If you would rather skip training, we release the DRIP adapters on the Hugging Face Hub. They are published as LoRA adapters, so after downloading you must merge each one into its base model before evaluation (this produces the full checkpoint the eval scripts load).

Repo (`Kelsey98/…`)	Base model (`--base_model_path`)	Template	Model class (`--customized_model_class`)	Tool calls
`Llama-3.1-8B-Instruct-TextTextText-4roles-toolcall-drip`	`meta-llama/Llama-3.1-8B-Instruct`	4-role	`LlamaForCausalLMDRIP`	✅
`Meta-Llama-3-8B-Instruct-TextTextText-drip`	`meta-llama/Meta-Llama-3-8B-Instruct`	3-role	`LlamaForCausalLMDRIP`	—
`Mistral-7B-Instruct-v0.3-TextTextTextMistral-drip`	`mistralai/Mistral-7B-Instruct-v0.3`	3-role	`MistralForCausalLMDRIP`	—

Download the adapter, then merge it — substituting REPO, --base_model_path, and --customized_model_class from the row above:

REPO=Llama-3.1-8B-Instruct-TextTextText-4roles-toolcall-drip   # pick one from the table

huggingface-cli download Kelsey98/$REPO --local-dir $REPO
CUDA_VISIBLE_DEVICES=0 python -m training.merge_lora \
    --adapter_path "$REPO/" --output_path "$REPO-merged/" \
    --base_model_path meta-llama/Llama-3.1-8B-Instruct \
    --customized_model_class LlamaForCausalLMDRIP

Pass the merged path ($REPO-merged/) as the model path in the evaluation scripts.

Evaluation

Before you start: copy ./datasets/openai_configs_example.yaml to ./datasets/openai_configs.yaml and fill in your OpenAI configuration.

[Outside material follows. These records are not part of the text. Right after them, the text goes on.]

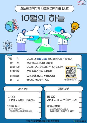 [무한뉴스=정민정 기자] 광주 동구는 25일 오후 2시 구립도서관 책정원 3층 모둠실에서 미래 과학자를 꿈꾸는 청소년들을 위한 특별 과학 강연 행사인 ‘10월의 하늘’을 개최한다고 밝혔다.
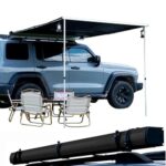 Vrapnudcカーサイドタープは、2x3Mのサイズで、UV50+の耐候性を備えた自家用車用のサンシェードです。軽量でロールアップ収納が可能、アルミニウム製で高さ調節ができます。
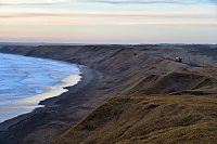 落石岬側から海越しに撮影。さっきまで青空だったのに、1時間のあいだにこんなに暗くなってしまった。この日の天気予報は午後から雪だったのだが予報通り。 |
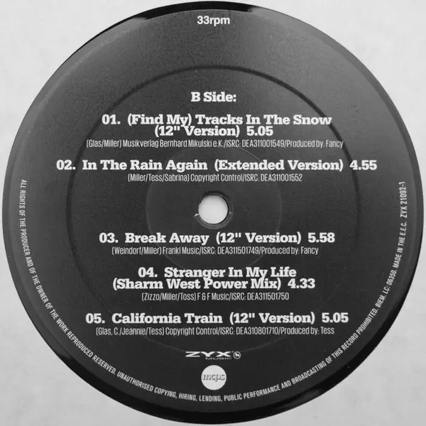 B1. (Find My) Tracks In The Snow (12″ Version) 5:05
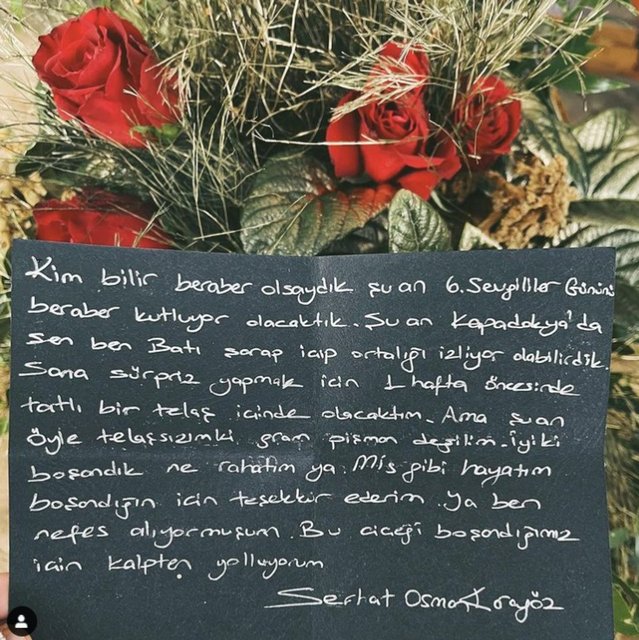 32 yaşındaki Serhat Osman Karagöz, gönderdiği çiçeğe şu notu düştü:
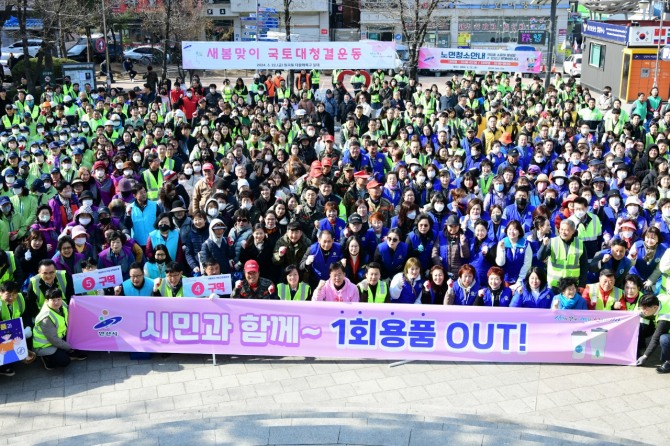 이미지 확대보기이번 캠페인은 새봄맞이 국토대청결의 날을 맞아 지역 시민들을 대상으로 1회용품 사용 줄이기 정책을 홍보하고 다회용품 사용을 독려하기 위해 마련됐다.
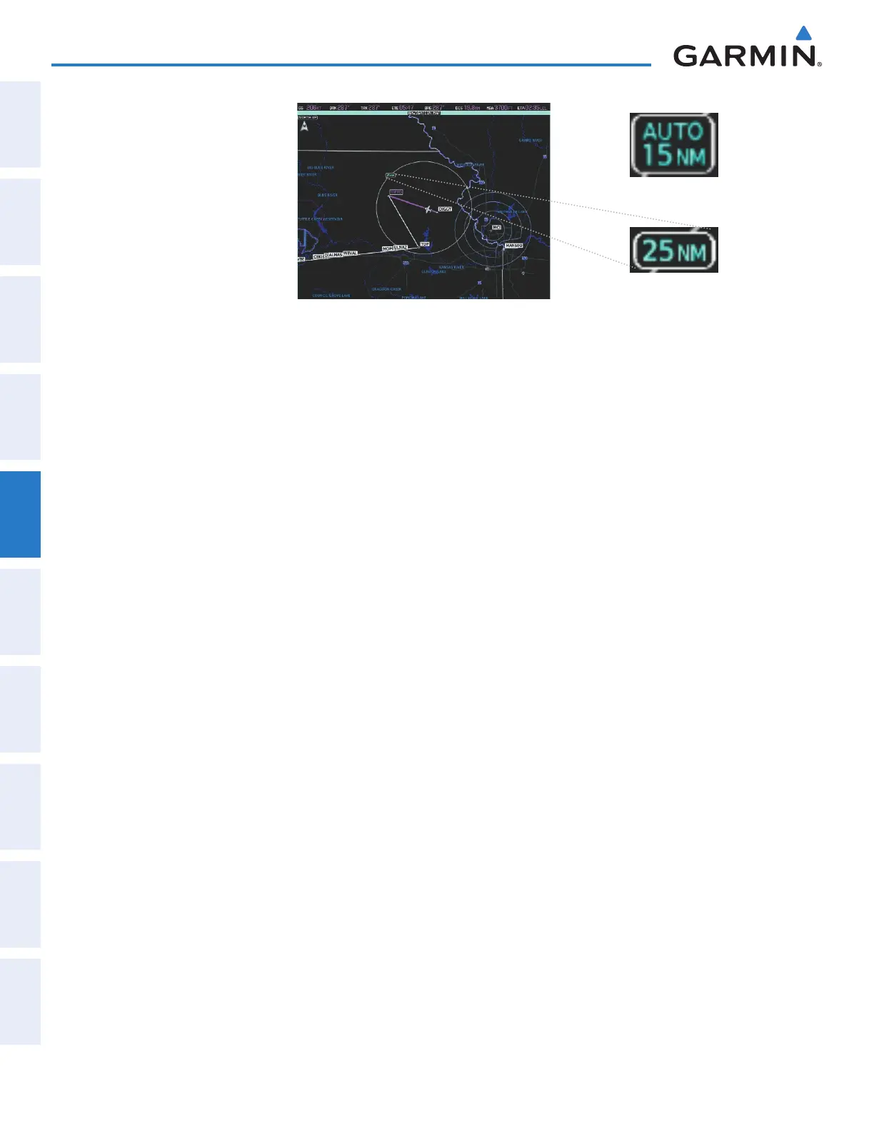 The auto zoom function can be turned on or off independently for the PFD and MFD. Control of the ranges
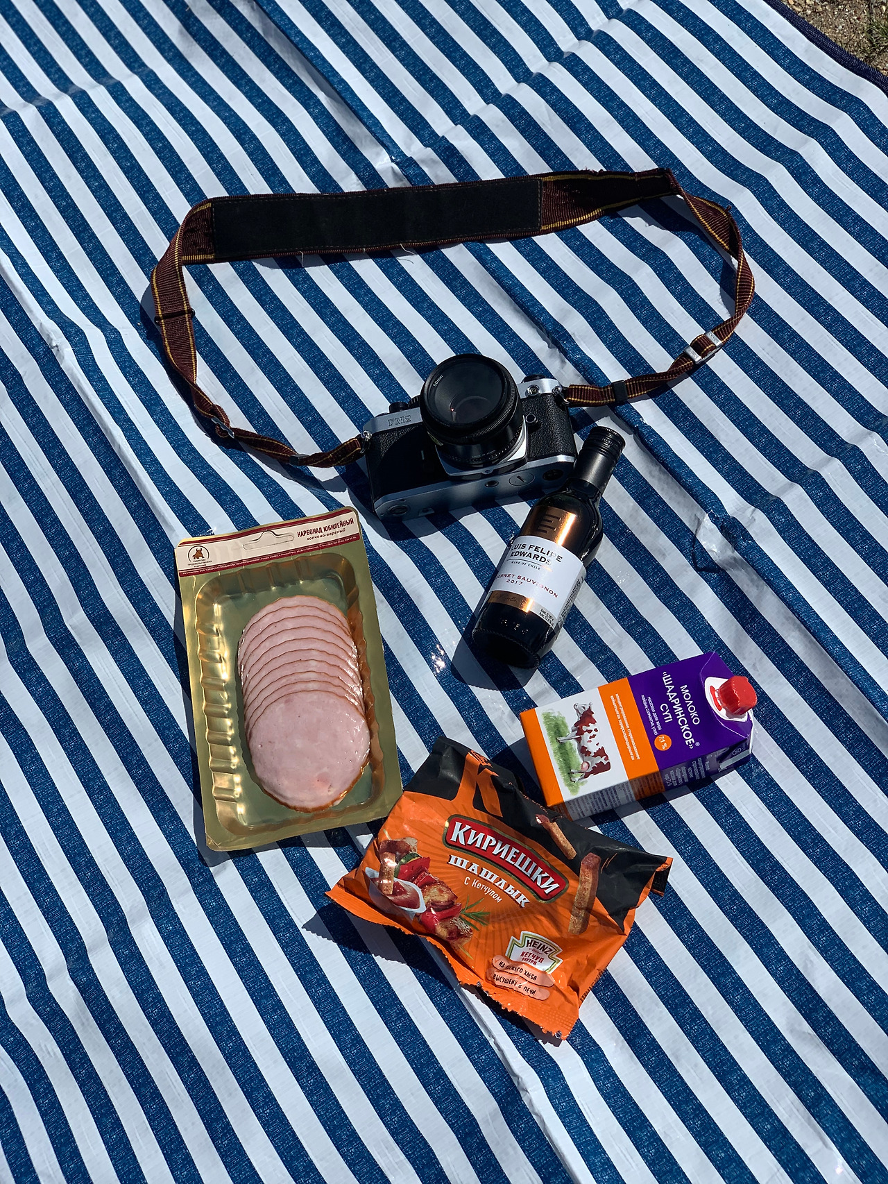 슈퍼에 도착하여 피크닉 용 살라미 소세지, 작은 와인 한 병 (러시아는 정말 충격적일 정도로 술 가격이 싸다!), 한국에서 가져온 콘플레이크를 말아마실 우유를 구매한 후 숙소로 다시 돌아가 피크닉 용 매트를 든 후 숙소 뒤 바이칼 호수로 가서 아무데나 마음에 드는곳에 자리를 폈다.
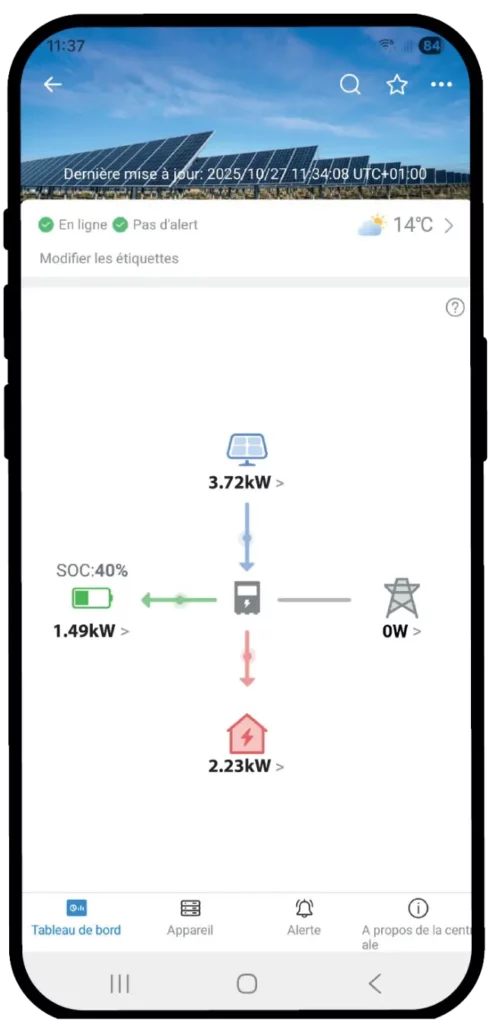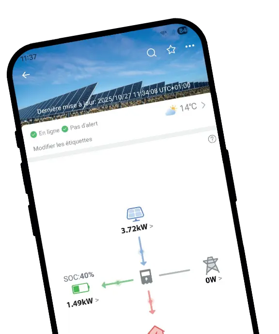 Grâce à l’application Solarman Smart, vous visualisez votre production solaire, l’état de charge de la batterie et votre consommation.

Every evaluation script below prompts for two inputs: a CUDA device ID and the trained model path (e.g. meta-llama/Meta-Llama-3-8B-Instruct-TextTextText-sep-drip). The steps omit this prompt for brevity.

The examples use the Llama scripts — swap llama8b for mistral7b to evaluate the other model.

SEP score — 📖 details

Run ./scripts/evaluation/llama8b/sep.sh.
Run the SEP judge ./testing/sep/sep_judge.py, then ./testing/sep/sep_collect.py to print the SEP metric.

ASR

Alpaca heuristic-based attacks

Run ./scripts/evaluation/llama8b/alpaca_injection.sh.
Run ./testing/evaluation_main.py -m [model_path] to print ASR under the Naive, Ignore, Completion, Escape, and HackaPrompt attacks.

GCG-based adaptive attacks

See gcg/README.md. GCG requires a separate legacy environment because newer transformers versions trigger OOM.

InjecAgent — 📖 details

Run ./scripts/evaluation/llama8b/injecagent.sh.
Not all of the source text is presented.